▸ **WORK TASK**
Leave the pictures behind and reproduce every line of the listing exactly.

___ DATA SEGMENT

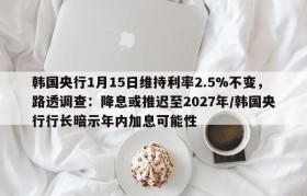 韩国央行1月15日维持利率2.5%不变,路透调查:降息或推迟至2027年/韩国央行行长暗示年内加息可能性
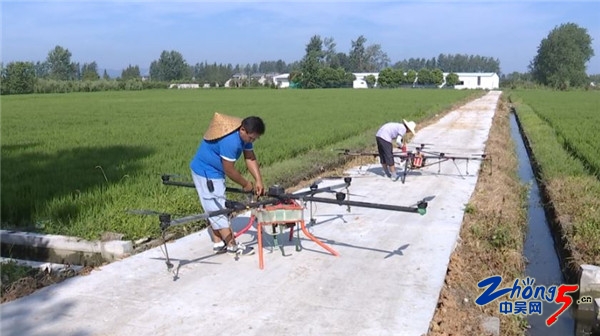 早上8点刚过,金坛区朱林镇黄金村农机合作社工作人员,正在调试这台用于喷洒农药的大型无人机。装上电池,只需一人操控,无人机就稳稳地升空了。
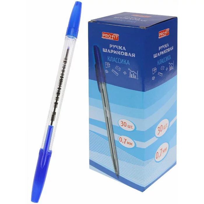 Шариковая ручка синего цвета обеспечивает лёгкое и мягкое письмо. Быстро высыхающие чернила не размазываются и имеют насыщенный цвет. Диаметр 0,7 мм.

______

▸ **ANSWER TO THE EXERCISE**
 韩国央行1月15日维持利率2.5%不变,路透调查:降息或推迟至2027年/韩国央行行长暗示年内加息可能性
 早上8点刚过,金坛区朱林镇黄金村农机合作社工作人员,正在调试这台用于喷洒农药的大型无人机。装上电池,只需一人操控,无人机就稳稳地升空了。
 Шариковая ручка синего цвета обеспечивает лёгкое и мягкое письмо. Быстро высыхающие чернила не размазываются и имеют насыщенный цвет. Диаметр 0,7 мм.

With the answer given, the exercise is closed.